WHAT TO WORK ON: In the listing beneath this line, copy exactly the lines starting with the one containing "工人在箭扣长城120号敌台进" and going on through the one containing "Dopo la celebrazione".

RECORDS:

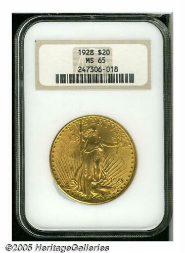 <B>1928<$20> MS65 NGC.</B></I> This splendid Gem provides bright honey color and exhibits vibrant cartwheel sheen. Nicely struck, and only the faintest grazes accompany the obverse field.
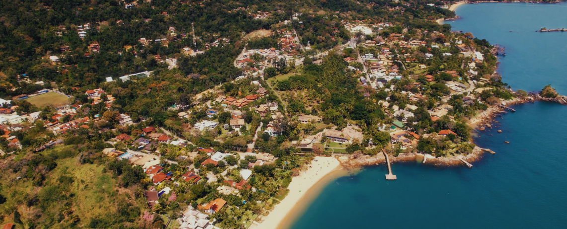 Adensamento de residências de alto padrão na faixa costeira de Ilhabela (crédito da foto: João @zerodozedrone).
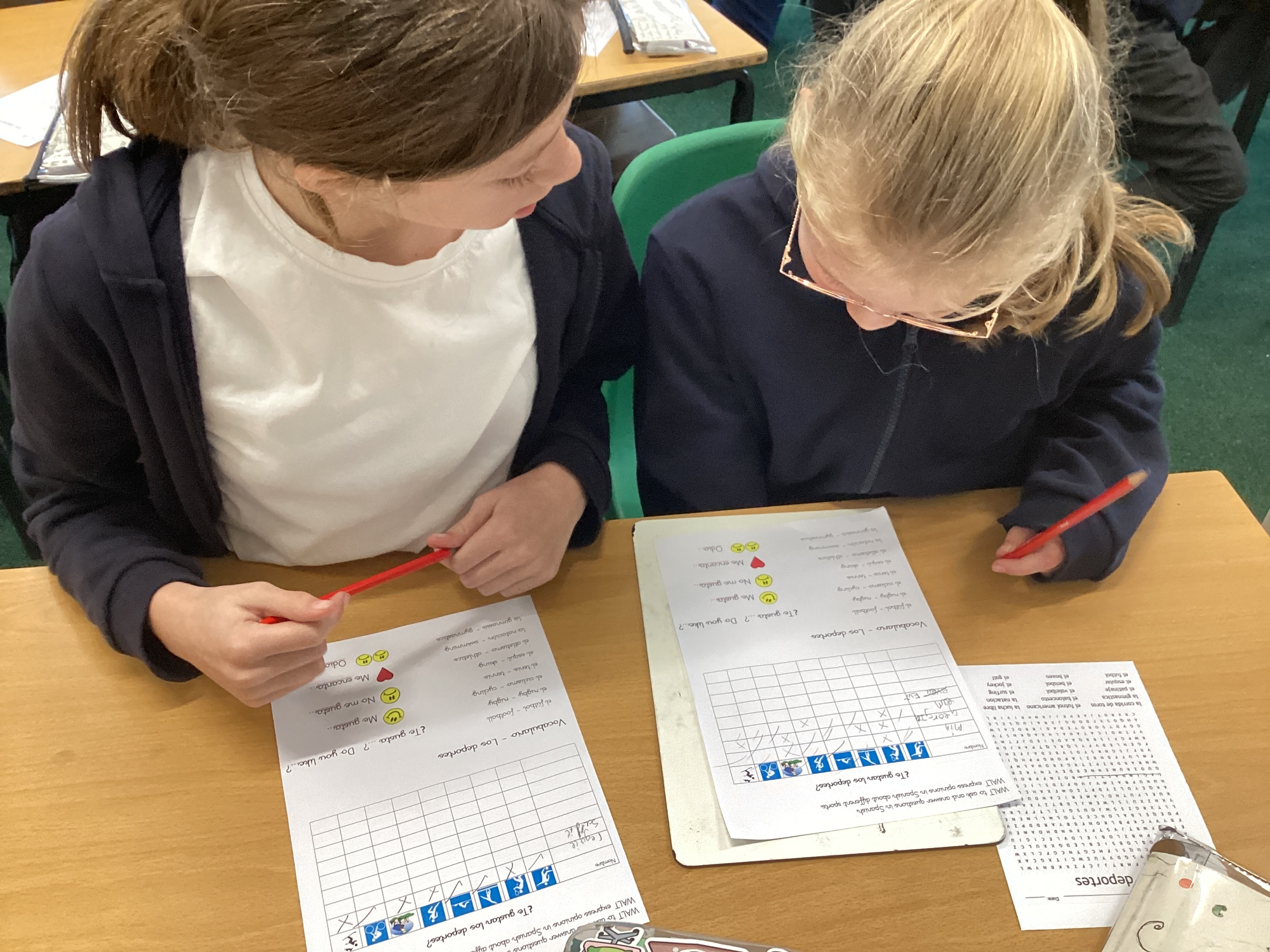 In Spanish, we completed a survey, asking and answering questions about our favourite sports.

* * *

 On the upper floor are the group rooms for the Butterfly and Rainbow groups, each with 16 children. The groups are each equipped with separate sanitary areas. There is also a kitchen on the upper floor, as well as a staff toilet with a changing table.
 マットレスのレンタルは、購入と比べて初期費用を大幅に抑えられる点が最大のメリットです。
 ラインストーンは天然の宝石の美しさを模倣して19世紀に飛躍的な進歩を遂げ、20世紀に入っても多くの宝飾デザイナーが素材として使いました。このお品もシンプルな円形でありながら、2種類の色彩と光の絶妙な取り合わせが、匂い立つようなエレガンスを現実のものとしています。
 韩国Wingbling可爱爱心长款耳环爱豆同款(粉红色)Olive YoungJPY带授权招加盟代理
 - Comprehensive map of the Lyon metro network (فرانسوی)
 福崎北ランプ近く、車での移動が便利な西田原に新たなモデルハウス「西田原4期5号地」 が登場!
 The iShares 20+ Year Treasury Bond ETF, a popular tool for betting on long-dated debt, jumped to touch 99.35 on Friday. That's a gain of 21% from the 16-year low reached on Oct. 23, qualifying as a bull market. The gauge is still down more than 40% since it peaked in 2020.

==

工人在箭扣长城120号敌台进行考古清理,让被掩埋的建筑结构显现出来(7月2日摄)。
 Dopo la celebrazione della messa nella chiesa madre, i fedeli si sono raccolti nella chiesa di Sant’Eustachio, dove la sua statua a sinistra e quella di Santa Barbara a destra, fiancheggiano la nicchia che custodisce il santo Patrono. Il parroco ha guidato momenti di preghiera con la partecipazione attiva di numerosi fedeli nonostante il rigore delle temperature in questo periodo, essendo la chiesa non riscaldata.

FINISHED EXERCISE:
工人在箭扣长城120号敌台进行考古清理,让被掩埋的建筑结构显现出来(7月2日摄)。
 Dopo la celebrazione della messa nella chiesa madre, i fedeli si sono raccolti nella chiesa di Sant’Eustachio, dove la sua statua a sinistra e quella di Santa Barbara a destra, fiancheggiano la nicchia che custodisce il santo Patrono. Il parroco ha guidato momenti di preghiera con la partecipazione attiva di numerosi fedeli nonostante il rigore delle temperature in questo periodo, essendo la chiesa non riscaldata.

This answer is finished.